9:30AM. Therapy today. Feeling anxious. Only got 3 hours ofsleep. Lots of scared thoughts are going on in my head this morning. I’m afraid I’m dying because I can feel my shin bones. I’m afraid of crying because I’ve been dulling my feelings about my dad.
K. gave me two sheets of paper with affirmations to say to myself. She suggests that I make affirmations part of my daily journalling experience.
Number 76. Today, I forgive myself.
Number 18. I am strong.
Number 9. I refuse to give up because I haven’t tried all possible ways.
This list is getting pinned to my wall. No wait, the font is too small for that. This list is going by my computer, where I will see it every day.
Cooking food now.
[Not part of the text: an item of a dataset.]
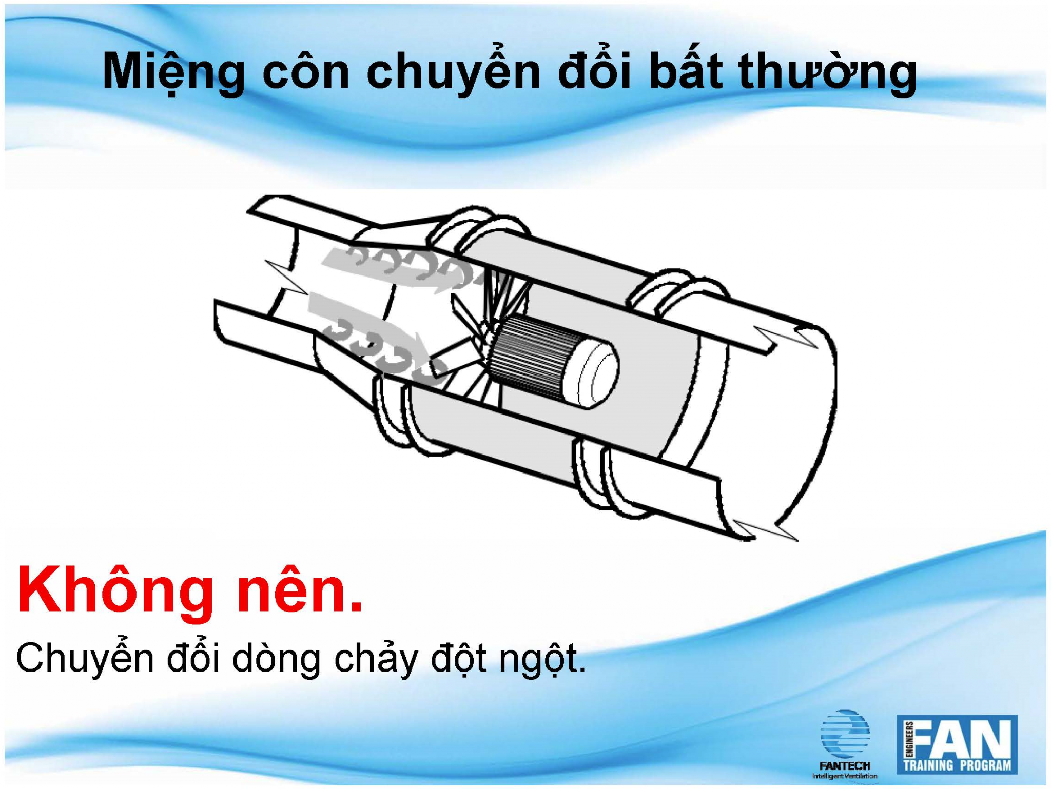 Giả định chúng ta có một quạt được vận hành bởi một động cơ điện với đầu ra 7.5kW, chạy 10 giờ một ngày, 200 ngày mỗi năm. Một động cơ công suất 7,5kW đầu ra đòi hỏi năng lượng đầu vào khoảng 8.3kW (dựa trên qui định hiệu suất tiêu chuẩn MEPS2 @ 90,5%). Nếu 70% năng lượng bị lãng phí, tương ứng bằng 8.3x 0.7 = 5.81kW. Đối với thời gian vận hành quạt nêu ở trên, năng lượng bị lãng phí bằng 11,620kWh hoặc 11,5 tấn khí nhà kính có chứa khoảng 3,1 tấn carbon. Chi phí của năng lượng bị lãng phí và hóa đơn tiền điện phải trả nếu giá điện là VNĐ3,000 cho mỗi kWh qui ra VNĐ34,860,000 mỗi năm. Đối với một quạt hướng trục để sử dụng gần hết năng suất, hoặc phát huy hết khả năng của nó, nó phải có điều kiện kết nối đầu vào và đầu ra hợp lý. Hình 2 là một ví dụ của lắp đặt chấp nhận hơn, cho thấy côn mở rộng và chỗ uốn cong nằm ở một khoảng cách tốt hơn từ vị trí quạt. Các trở lực của hệ thống này sẽ thấp hơn nhiều và quạt hoạt động ổn định và êm hơn.

I tried to see how many pushups I could do without a break. It’s about 5. Using that number, I did 5 pushups every lap for 5 laps. 25 pushups total. The last set of 5 was really difficult!
Someone bought a broken lava lap of mine for $17. I realized it was broken only after I was about to ship it. The cap had come loose, and it wasn’t a screw-on cap that I could just re-tighten. I opted to refund the seller and send them a message of apology. It turns out that they want it even though it’s broken. Apparently they say the water is salt water and they can just re-fill it when they receive the lamp.
Pretty cool! I was bummed out last night when I realized the lamp was broken. That was a good chunk of change that I thought I’d be missing out on.
I had already refunded the buyer, but they told me to please relist it and they would buy it. So they just submitted payment and now I want to make sure and get it shipped out by end of day. It’s Friday, and I don’t want to hold onto it all weekend and slow down the shipment process.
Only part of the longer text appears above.